Our first MCMC sampler is the standard Random Walk Metropolis-Hastings algorithm. An issue with such algorithms is determining the proposal, in particular, the variance of our multivariate gaussian. In my case, I picked the value 0.35 as it gave us the optimal acceptance rate (see reference section at bottom of page).

```
def rwmh(x_obs, log_likelihood, log_prior, theta_init, n_runs, n_dim):
samples = torch.zeros(size=(n_runs+1, n_dim))
rejection = 0
samples[0] = theta_init
for i in tqdm(range(n_runs)):
# Proposal is random normal
# A-R probability should be log LL(x_prop) + log PP(x_prop) - log LL(x_prev) - logPP(x_prev)
eps = torch.distributions.MultivariateNormal(torch.zeros(n_dim), .35 * torch.eye(n_dim)).sample()
theta_proposal = samples[i] + eps
u = torch.rand(1).item()
prob = torch.sum(log_likelihood(x=x_obs, theta=theta_proposal)) + log_prior(theta=theta_proposal) \
- torch.sum(log_likelihood(x=x_obs, theta=samples[i])) - log_prior(theta=samples[i])
# In log terms, use min(0, ...) as the AR probability
if prob > 0:
prob = torch.tensor(0.)
if u < torch.exp(prob):
samples[i+1] = theta_proposal
else:
samples[i+1] = samples[i]
rejection += 1
return rejection / n_runs, samples
```

`rr, ss = rwmh(x, log_likelihood, log_prior, torch.tensor([0.0,0.0]), 50000, 2)`

`100%|██████████| 50000/50000 [00:36<00:00, 1376.63it/s]`

`1 - rr`

`0.23878`

Around 23% is considered to be optimal.

We use the trace plot to determine convergence to the target distribution (our posterior distribution).

```
plt.plot(t_1[:])
plt.show()
```

```
sns.set_style("white")
sns.kdeplot(x=t_1[5000:], y=t_2[5000:])
plt.show()
```

And thus we can estimate the posterior distribution from the samples we obtained. However, MCMC is a rather computationally expensive algorithm, and is not very efficient as we only accept a portion of the proposed values. Can we do better?

# Langevin Dynamics (Gradient MCMC)

Alternatively, a stochastic differential equation called the Langevin Diffusion can be shown to have the posterior distribution as the stationary distribution. Hence, if we could sample from such a diffusion, we would be able to obtain samples from the posterior. The Langevin Diffusion incorporates the gradient of the posterior distribution (which we can easily obtain thanks to PyTorch), and does not require a accept-reject step as with Metropolis-Hasting algorithm.

```
samples = []
paramCurrent = torch.tensor([torch.tensor(10.), torch.tensor(10.)])
dt = torch.tensor(1e-3)
```

```
for i in tqdm(range(50000)):
paramGradCurrent = get_grad(x, paramCurrent[0], paramCurrent[1])
with torch.no_grad():
paramCurrent = paramCurrent + dt*paramGradCurrent + \
torch.sqrt(2*dt)*torch.randn(size=(2,))
samples.append(paramCurrent)
```

`100%|██████████| 50000/50000 [00:29<00:00, 1701.91it/s]`

```
tt_1 = [s[0].item() for s in samples]
tt_2 = [s[1].item() for s in samples]
```

```
sns.kdeplot(x=tt_1[5000:], y=tt_2[5000:])
plt.show()
```

As we can see, we obtain a fairly similar posterior, but it seems slightly off. Unfortunately, the Lagevin Diffusion is a continuous time process, and what we in fact did was to sample from a Euler discretisation of the diffusion. What we did is known as the Unadjusted Langevin Algorithm. This discretisation means that we have a biased approximation of the posterior distribution.

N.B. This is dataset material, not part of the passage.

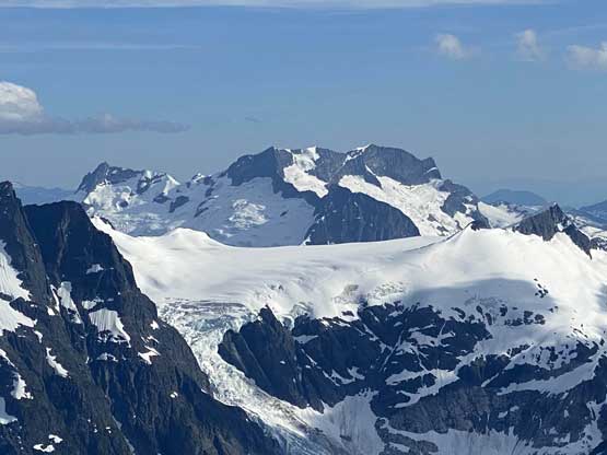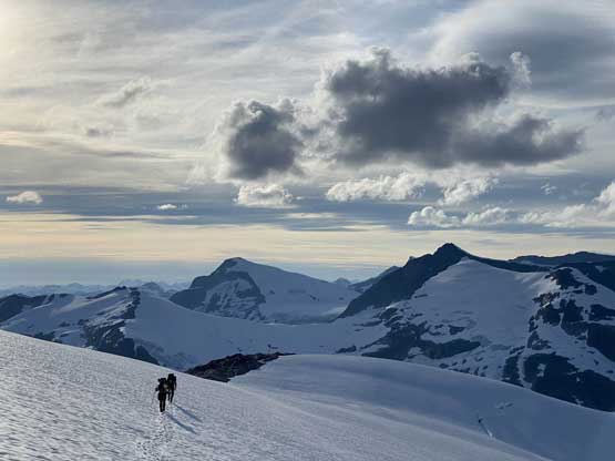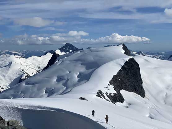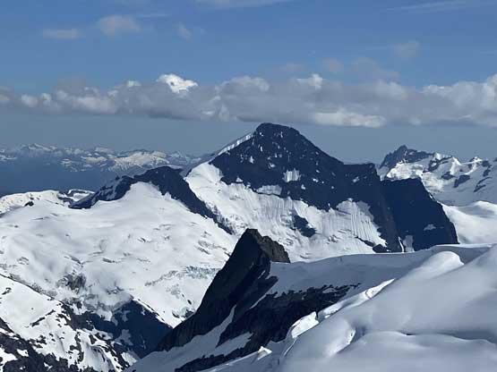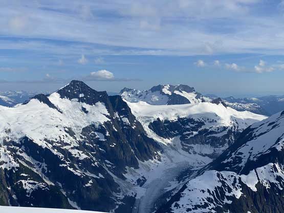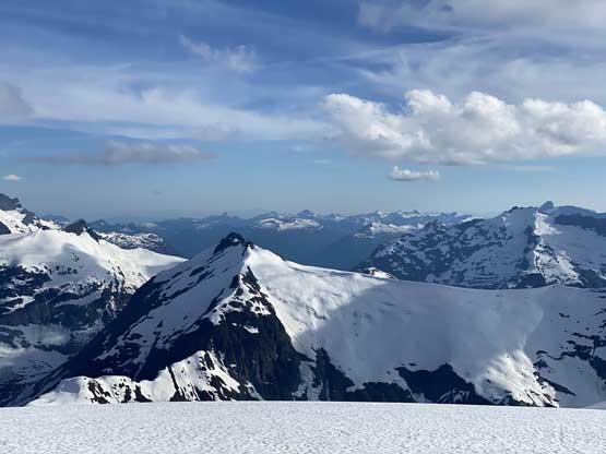 Mt. Whiting along its sub-summits and Sergent and Corporal Mountains form the undulating Ross Ridge that guards Ross Arm of Clendinning Glacier on the east and north-east side. Mt. Whiting is the tallest of these peaks and also offers the best views. A traverse of Mt. Whiting and the sub-summits offers some of the finest views in the southern Coast Mountains. This was the 3rd day of our grand adventure traversing the Clendinning Range. Earlier in the day Alex, Vlad and I had ascended Mt. Boardman, Sergeant Mountain and Corporal Mountain. Our objective of the evening was to carry over Mt. Whiting and the sub-summits and camp near Pivotal Mountain.
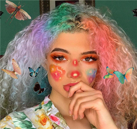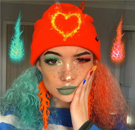 淺藍(lán)色和橙色的拼染設(shè)計(jì),一邊一半,溫柔浪漫。發(fā)際線兩邊的劉海各編織個(gè)小小的麻花辮,別上小孩子的發(fā)飾,神秘且甜美十足。

Another extension to the ULA is in the Stochastic Gradient Langevin Dynamics Paper by Welling and Teh mentioned earlier. In this extension, they implemented stochastic gradients, whereby the exact gradients are replaced by a unbiased estimate of the gradients using a minibatch, and a way to adjust the step size for better sampling.